Неужели это подарок Зната стал себя так проявлять?
Ну или, что вероятнее всего, я схожу с ума.
Наш дом стоял возле самого леса, рядом с еще одним таким же длинным домом, в шесть подъездов, и несколькими короткими. Одинаковой высоты, они почти ничем не отличались друг от друга: одинаковые окна, одинаково застекленные лоджии. Я всю жизнь называла их балконами. Но балкон в моем доме был один. На втором этаже кто-то сделал себе пристройку, и вот уже пятнадцать лет, где-то в районе третьего подъезда, висит посреди стены сшитый из деревянных щитов маленький балкончик. А совсем рядом с ним растет дерево.

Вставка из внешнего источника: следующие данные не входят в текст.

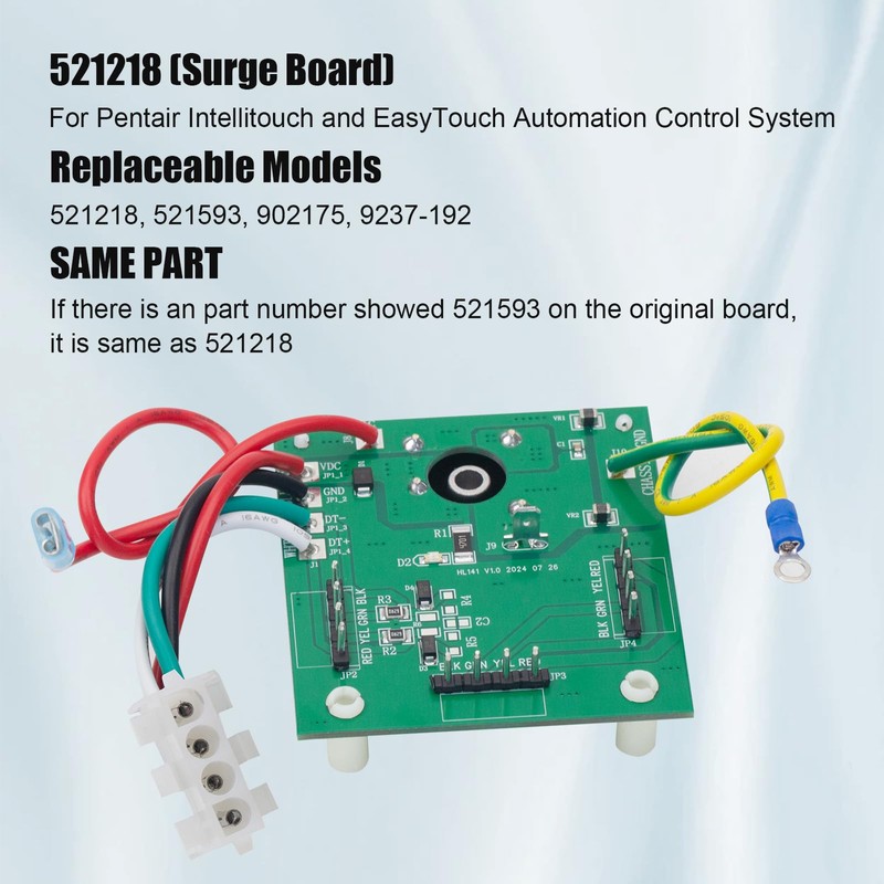Surge Board PCBA 521218 for Fits for Use with EasyTouch PL4/PSL4 Control Systems, IntelliTouch i5+3 3 Personality Kit Automation Control Systems Replace 521593 for Pentair

Я решила сначала сходить посмотреть на этот балкон, а потом уже наведаться в магазин.
Снег засыпал деревья, и казалось, что в феврале выросли белые листья, которые так легко сбросить – достаточно за ветку потянуть.
Балкончик был на месте, ровно там, где я его помнила. И деревья росли так же близко, как сохранила моя детская память. Я подумала, что по этим деревьям легко влезать котам или еще каким-нибудь сущностям, как по ступенькам.
Постояла, подождала, вдруг реально кто-нибудь полезет, – не полез – развернулась и пошла к магазину.
Сетевой супермаркет находился совсем рядом с домом. Не знаю ни одного района, где не было бы такого одноэтажного магазина с красной крышей. Выбор здесь никакой. Все самое интересное расхватывают, стоит его только на полку выложить. Но самое необходимое есть всегда, даже пасту с зубной щеткой можно найти.
Когда я была на той стороне мира, даже не обратила внимания на магазин: что там от него оставили мародеры? Хотя мы проходили мимо него несколько раз.
Покупателей было совсем мало. Только скучающий охранник слушал причитания менеджера магазина, что одна из камер над овощами барахлит, а сервис никак не пришлет настройщика. В помещении пахло чем-то протухшим.
Я быстро нашла то, что просила бабушка, и решила заглянуть к тем самым овощам, вдруг есть что свежее. Со стороны фруктов сидело темное пятно и копалось в коробке с яблоками. Плесенью и гнилью здесь пахло сильнее. Я сжала в кармане ключ и увидела вчерашнюю кикимору. Или не вчерашнюю, а просто похожую.
Маленькое существо было замотано в грязные лохмотья, куриными лапками зацепилось за край коробки, а длинным носом водило по фруктам. Там, где нос касался бочка яблока или кожуры апельсина, сразу возникала гниль, фрукты вяли и скукоживались. Запах стоял просто невозможный, я зажала нос и поспешила к кассе.
– Кажется, надо перебрать раздел с овощами, – сказала я девочке-кассиру, которая посмотрела на меня так снисходительно и угрюмо, что продолжать резко расхотелось. Они знают, что у них живет, но не знают, как с этим бороться. И непрошеные советы им не нужны.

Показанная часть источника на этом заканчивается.